Location: Roughly bounded by Cedar Street, Maiden Lane, Pearl Street, Bridge Street, South William Street, Greenwich Street, and Trinity Place.
Built: N/A
Architect: N/A
National Register Number: 07000063
Listed: February 2, 2007
Visited: December 30, 2007

Thames Street

It's dark, dark in the day time. This is Thames Street, between the Trinity and U.S. Realty Buildings. Right outside the frame of this picture were some guys nervously selling bootleg pocketbooks from a bundled bedsheet.
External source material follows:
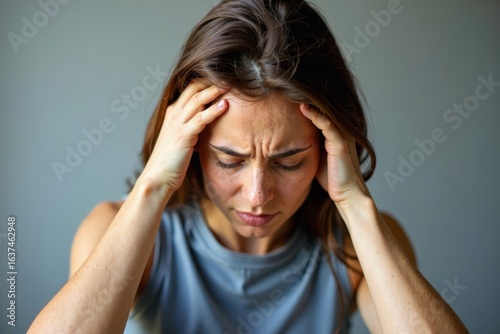 Woman in Pain Holding Head with Blurred Background Creating Vertigo Sensation

The historic district designation was also likely a gesture towards the preservation of downtown's oddball street plan. Drawn up in large part by the Dutch settlers with no thought to a future of skyscrapers and megalopolis-sized street traffic, their integrity has been compromised many a time (best detailed here--Hi Mr. Walsh!), eventually prompting the NYC Landmarks Preservation Commission to landmark the street plan itself.

Marketfield Street

Nothing sadder than a Wiki page nobody edits. The kidsnyc.com entry for the alley pictured above, Marketfield Street, says it "was called Petticoat Lane in 1696, because it was the location of NYC's 1st hookers." Yeah, right--it took prostitutes seventy years to appear after the first European settlement? I don't think so. Otherwise, though, it's completely believable it was once a center of low living. Just look at it--even with the erection of the glassy 2 Broadway building on its corner, it still feels forboding, desperate. The street is obscure enough to ensure interesting results when you Google it: here's an 1879 NYT article about a random fight between two toughs outside a saloon; a morbid 1852 squib about how a gentlemen who worked in the alley "burned to a crisp" (their words, seriously) in a house fire; it also figures in a 1908 Black Hand bomb threat. OK, little of this has has much to do with the street, but...isn't the opening up of the NYT archive the greatest thing ever? I mean, Luc Sante--I love the dude, I do (he used to hang out at ILx, my former bulletin board of choice), but the sheer volume of antique sleaze the NYT offers us kinda renders Low Life completely redundant, doesn't it? Man.